_Your assignment_. Restate word for word the entries below, starting with the line with "四、逻辑判断。共10题。每题" and continuing through the line with "Verrijk Je Dagelijks". Include both of those lines and no others.
··· Input for this task ···
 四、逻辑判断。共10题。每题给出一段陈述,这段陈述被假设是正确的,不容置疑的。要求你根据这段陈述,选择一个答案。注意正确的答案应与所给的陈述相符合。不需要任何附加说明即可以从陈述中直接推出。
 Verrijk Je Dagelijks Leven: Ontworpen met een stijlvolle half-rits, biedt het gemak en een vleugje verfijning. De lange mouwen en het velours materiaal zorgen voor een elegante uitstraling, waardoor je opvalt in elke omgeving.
···
··· Input for this task ···
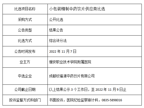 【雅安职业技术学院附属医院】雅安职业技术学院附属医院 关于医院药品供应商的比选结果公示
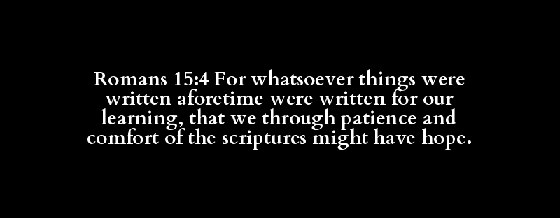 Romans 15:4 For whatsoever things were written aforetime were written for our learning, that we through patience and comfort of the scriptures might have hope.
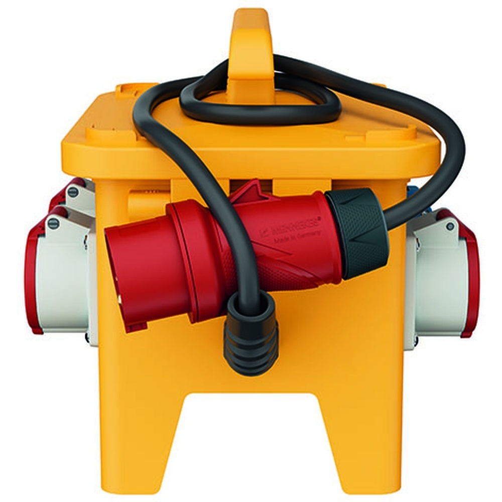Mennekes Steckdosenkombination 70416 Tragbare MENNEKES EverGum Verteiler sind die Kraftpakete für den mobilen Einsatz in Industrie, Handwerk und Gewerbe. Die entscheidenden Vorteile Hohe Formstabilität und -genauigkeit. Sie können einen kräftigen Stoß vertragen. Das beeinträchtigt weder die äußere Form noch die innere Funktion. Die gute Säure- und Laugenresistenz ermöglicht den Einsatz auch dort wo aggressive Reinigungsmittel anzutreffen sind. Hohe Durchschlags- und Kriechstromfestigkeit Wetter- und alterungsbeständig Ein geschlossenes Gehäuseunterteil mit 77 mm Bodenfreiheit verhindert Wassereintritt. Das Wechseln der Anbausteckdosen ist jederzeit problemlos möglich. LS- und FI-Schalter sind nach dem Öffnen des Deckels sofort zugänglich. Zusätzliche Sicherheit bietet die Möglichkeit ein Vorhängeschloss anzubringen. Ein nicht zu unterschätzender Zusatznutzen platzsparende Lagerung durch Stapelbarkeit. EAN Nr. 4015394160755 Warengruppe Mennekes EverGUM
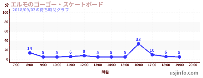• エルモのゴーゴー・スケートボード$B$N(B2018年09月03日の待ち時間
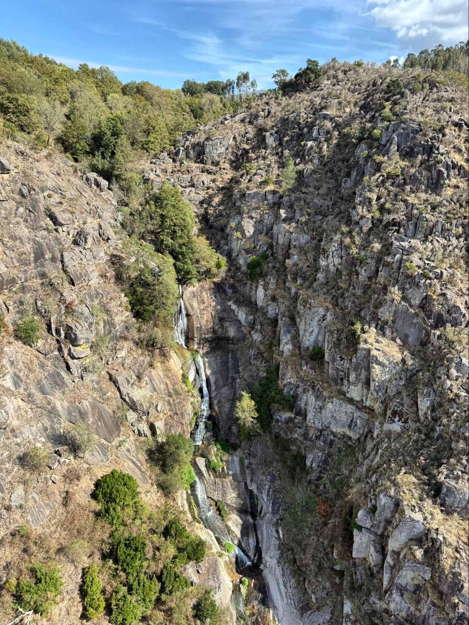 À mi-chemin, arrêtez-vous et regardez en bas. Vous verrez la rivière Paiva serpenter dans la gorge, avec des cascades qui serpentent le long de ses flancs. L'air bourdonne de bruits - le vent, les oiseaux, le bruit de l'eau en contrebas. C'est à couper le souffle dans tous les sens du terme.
···
_Answer for this exercise_.
 四、逻辑判断。共10题。每题给出一段陈述,这段陈述被假设是正确的,不容置疑的。要求你根据这段陈述,选择一个答案。注意正确的答案应与所给的陈述相符合。不需要任何附加说明即可以从陈述中直接推出。
 Verrijk Je Dagelijks Leven: Ontworpen met een stijlvolle half-rits, biedt het gemak en een vleugje verfijning. De lange mouwen en het velours materiaal zorgen voor een elegante uitstraling, waardoor je opvalt in elke omgeving.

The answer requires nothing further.